Go back to @tobyink 's comment about comments -- I think starting with soft will allow greater insight into how it's being used, then more rigor can be figured out on the basis of actual usage.

@timbunce
Collaborator

All @dagolden's points are strong ones and I agree with them.

Re @yanick's query on cost of calculating the distro level recommendations, that could be done async as a batch job. As mentioned before, most recommendations will be made to the 'root' module of a distro, and the module level recommendations on that page would be updated immediately. I don't see a problem with the distro page not getting the change till later.

@monken
Owner

@dagolden when I talk about distributions I'm talking about Foo-Bar and not AUTHOR/Foo-Bar-1.23.tar.gz, which is a release in my mind. So the issue to track releases of different authors doesn't really apply.

Someone might recommend List::MoreUtils over List::Util. There is no harm if that also shows up for Scalar::Util. It's one distribution, it's one bucket of modules that try to solve a common issue: provide utilities to Perl data structures.

@timbunce

most recommendations will be made to the 'root' module of a distro

I agree and that's why we could just stick with recommending distributions because in all those cases, the distribution matches the module name. I guess I still have trouble understanding why we should recommend based on module names when we collapse on a dist-level anyway.

@dagolden

@monken "distributions" in the way you describe it don't exist as far as PAUSE is concerned. They don't exist as far as users are concerned because they can't be installed. They are a fiction invented by search.cpan.org and mimicked by metacpan.org. Perpetuating that design mistake would be unfortunate.

@shadowcat-mst

"recommendations" is wrong. For a start, now what do you call the relationshuip going the other way?

SEE ALSO is exactly the CPAN tradition for this since it doesn't mean "if you like this module", it means "if you're looking at this module you should also look at".

Generally in a deprecation situation, optimally you'd create the relationship going both ways.

Plus many recommendations would be conditional on some factor - there's no one universal best practice or we wouldn't be having this discussion, we'd just be picking one best module for each task and moving on.

As an example - I might add a link on DBIx::Class saying "see also DBIx::Lite if you don't need objects" and they might add a link back for the 'do need objects' case. Those are both conditional recommendations.

We can't assume a concept of 'obsoletes' and 'obsoleted by' - the Mojo/LWP example is good there, since while the Mojo API is a lot nicer for a lot of cases sri told me he doesn't want it to become 'the' HTTP API because he doesn't want to take on the backcompat requirements, so it's not a straight replacement even at the user agent level.

Another example would be PAR and App::FatPacker. fatpacker is way nicer to deal with than PAR for the cases it supports ... because by refusing to handle XS I managed to avoid 90% of the complications. So I'd like to think that it obsoletes PAR for most pure perl packing, but I still recommend PAR when you need XS support.

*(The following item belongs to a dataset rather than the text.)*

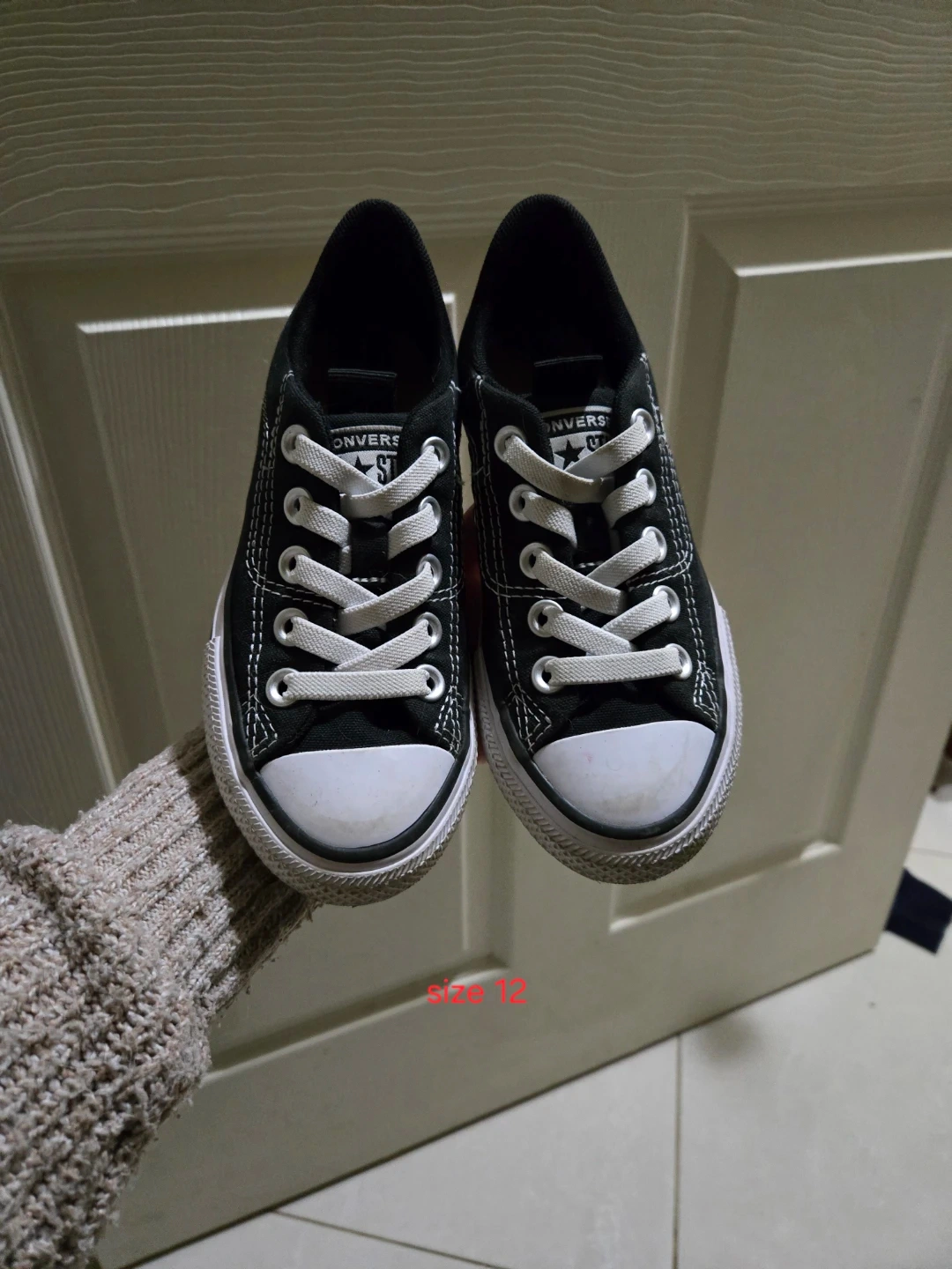 Brand new, never worn. Classic Converse All Star sneakers in black. Lace-up closure with white laces. Canvas upper with rubber sole. Size 1.

So I think calling it 'module relationships', displaying it as 'see also', and letting people put 'obsoletes' or 'obsoleted by' in the tags is probably the sensible way forwards. We can't capture a lot of the useful information otherwise, and it leaves us providing mechanism and then seeing what the userts shake out in tertms of policy

@monken
Owner

You rate distributions, you file bugs against distributions, cpan testers is organized by distributions. I think that term and fiction is well established in the Perl community and ecosystem. I understand that PAUSE follows a different approach, but I don't think it's practical to think in terms of modules for many use cases.

@shadowcat-mst

@monken CPAN works the way dagolden describes, not the way you describe. rt.cpan.org creates a queue based on the name of the first tarball to contain a new module, then uses that module's permissions to determine the maintainer, and the result is that bugs have to be re-opened when modules are split out. Not actually a feature, just a historical thing.

A see also attached to Sub::Quote pointing to Eval::Closure should not stay with Moo if I split the module out. A see also on Path::Router pointing to Web::Dispatch should not stay pointing at Web::Simple if I split the module out.

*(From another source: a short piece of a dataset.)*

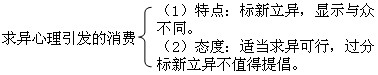 | 求异心理引发的消费 | 标新立异、追求与众不同的效果 | 有时可推动新工艺和新产品的出现 | 过分标新立异代价大,社会不一定认可 | 为显示与众不同而过分标新立异,是不值得提倡的 |

Making links to mojolicious would be completely futile if it was dist level only, too.

So for this use case it evidently isn't practical to think in terms of distributions alone. So the remaining question is whether we initially support only modules, or whether we need distributions as well. Can you provide a concrete example of a case where distributions work and modules don't?

@dagolden

I'm actually curious what happens on RT if there's an identically named distribution. If I were more evil, I would upload Moose-3.000.tar.gz containing a legal, unindexed module (NotReallyMoose.pm) and see what blows up as a result.

Since Metabase started, internally, all reports are full AUTHOR/DIST-VERSION.SUFFIX. It's only the display stuff that hasn't been updated.

Regardless of that, I think @shadowcat-mst makes the stronger case -- as modules move between distribution, recommendations/see-also should follow them.

I can't make you rewind the clock and stop having metacpan.org stop using "distribution" the way you are. But I do encourage you not to hang any more stuff off a non-unique key.

@dagolden

[naming]

How about Related Modules? Not the "See Also" we're used to seeing; establishes that there is a relationship; but is generic to support future distinctions.

@yanick yanick referenced this issue from a commit in yanick/metacpan-web
@yanick yanick First stab at reports for CPAN-API/cpan-api#253
I'll let people fight over nomenclature. Meanwhile here's some first
stab at the report. :-)

I'm still not sure that per-module makes more
sense than per-distribution, but just for the sake of having something
running, I've assuming that the data is per module. If that change,
the logic will be easy enough to move around.

I'm not terribly happy about the name of the keys, they'll probably
have to be changed.

I've also sorted the recommendations per total activity, and report both
the recommendations in favor of alternatives and against in the same
list, which seems to me the most succinct way to present the information.
eb47fcb
@monken monken referenced this issue in CPAN-API/metacpan-web
Closed

Make the module / dist link clearer in search results #798

@oalders
Owner

[naming]

I like "Related Modules", but I also do think "See Also" is the most succinct, even if I have some reservations about it.

[modules versus distributions]

I feel like at this point we've settled on modules and can move on from this. We an always add a dist recommendation system if needed, but I can't see a use case for that just yet. Correct me if I'm wrong.

@tobyink

As per http://blogs.perl.org/users/neilb/2013/03/whats-wrong-with-cpan.html#comment-405091 it would be nice if an author's own recommendations could be handled specially.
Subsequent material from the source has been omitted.